Deal in Brief: Realogy IPO
Deal Value: $1.2 billion
Firm’s Role: Issuer’s Counsel
Deal Trivia: To commemorate the IPO, everyone on the team was given a tiny house.

In 2008, when Apollo Global Management first asked Stacy Kanter, a corporate finance partner at Skadden, Arps, Slate, Meagher & Flom, to help with the debt restructuring of Realogy Holding Corp. (the private equity giant owned the real estate services business), she thought it would be a quick, straightforward matter. "I remember meeting with Apollo on the same day I was trying to make it to my son’s freshman-year parents’ day event," says Kanter. "We thought it would be a small trans­action—a sprint."

Four years later, in October 2012—and five months after Kanter’s son graduated from college—that "small transaction" finally closed, culminating in a $1.2 billion initial public offering. It was the biggest private equity–backed IPO in the United States last year, according to Dealogic. But what was truly remarkable about the IPO—apart from the scale—is that it was completed at all.

In 2007 Apollo acquired Realogy in an $8 billion leveraged buyout—saddling the owner of Century 21 and Coldwell Banker with over $6 billion in debt. (Apollo put in $2 billion of its own money.) At about the same time, the bottom fell out of the housing market, essentially devastating Realogy’s entire business. Small wonder, then, that Realogy was not expected to survive.

How Realogy rose from the ashes and managed a successful IPO is a story of corporate resolution, creative problem-solving, and dogged hard work. According to key players at Apollo and Realogy, and underwriter’s counsel at Simpson Thacher & Bartlett, Kanter was a critical player who pumped out a steady stream of solutions in the midst of an ever-changing situation. "Stacy and her team helped us deal with a complicated capital structure," says Marilyn Wasser, Realogy’s general counsel. "It was like playing chess on several levels." That sentiment is echoed by Simpson partner Art Robinson: "This was not a cookie-cutter deal. It was a complex transaction."

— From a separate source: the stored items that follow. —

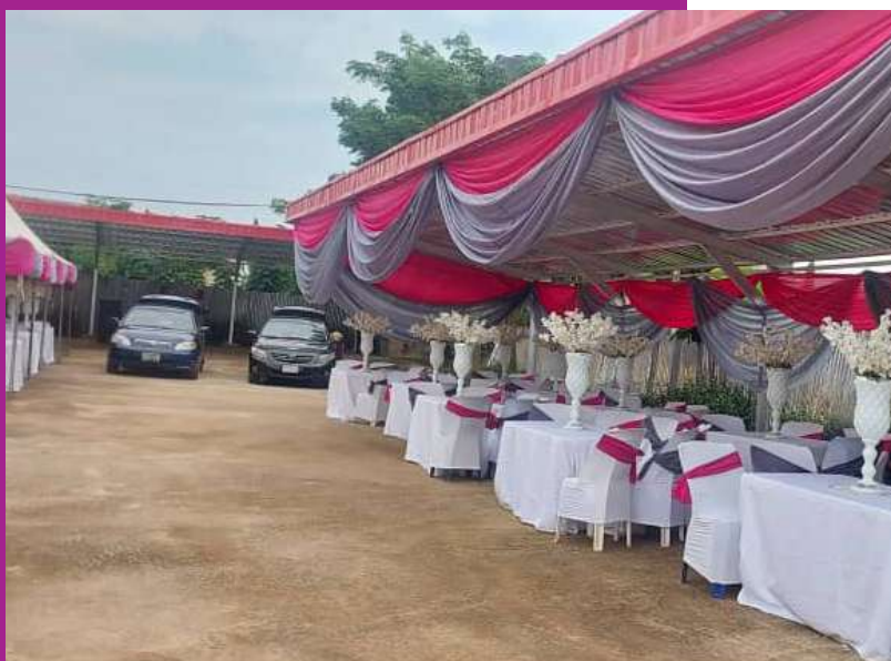
Consultants Car Park @ MDCAN Secretariat UATH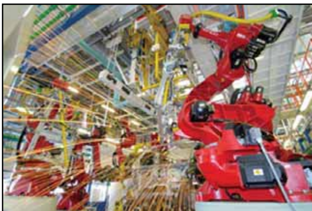
Figure 7: Production flexibility [12]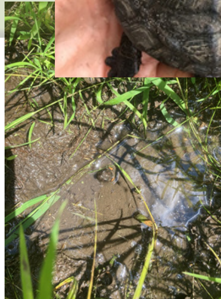
Figure 3 (left). Bog Turtles are dependent on groundwater-fed wetlands with soft, mucky soils for burrowing.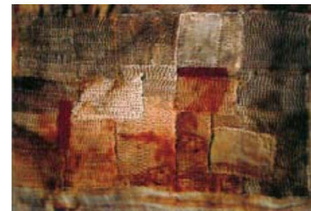
Mem Graham, Contemporary Boro #1

One of the early challenges facing Kanter and her client was overcoming the opposition of billionaire investor Carl Icahn, a key debt holder who fought against the company’s original restructuring. "Icahn was initially a stumbling block, but then we reached a deal almost a year later after an all-night negotiation," says Kanter.

Other transactions followed, including securing new-money second-lien loans to keep Realogy going and negotiations with hedge fund giant John Paulson involving a debt exchange. In early 2011 Realogy entered a pivotal agreement with debt holders that extended the maturities of most of the company’s debt, enabling it to weather the depressed housing market. Littered along the way were complicated tax, antitrust, and security law issues. In all, 20 Skadden lawyers were involved in five major transactions that ultimately cleared the way to Realogy’s IPO.

Kanter’s organization and composure helped make it all possible, says her client. "It took intense, committed lawyering. Everything was a building block to something else," says Wasser. She adds: "We at Apollo are demanding clients. . . . Skadden worked their hearts out—whether it was 3 a.m., 5 a.m., holidays or weekends, there was always someone there, and Stacy was at the center of it all."

Kanter, in turn, gives a lot of credit to Apollo. Even at some very low points—"when Apollo’s equity [in Realogy] was basically worthless"—Kanter says the company stood steadfast: "They recognized the fundamentals of the business and knew it was a good business." Apollo’s commitment, she says, made it easier to be optimistic: "Everyone was rooting for the company."

Kanter says Realogy represents, in some sense, a microcosm of the economic cycle in the last four years. "Realogy is so emblematic of the financial crisis," starting with its acquisition before the economic downfall, stirrings of recovery, to the IPO. "In the end, it was one of those things where the sun, moon, and stars were perfectly aligned. . . . It was thrilling."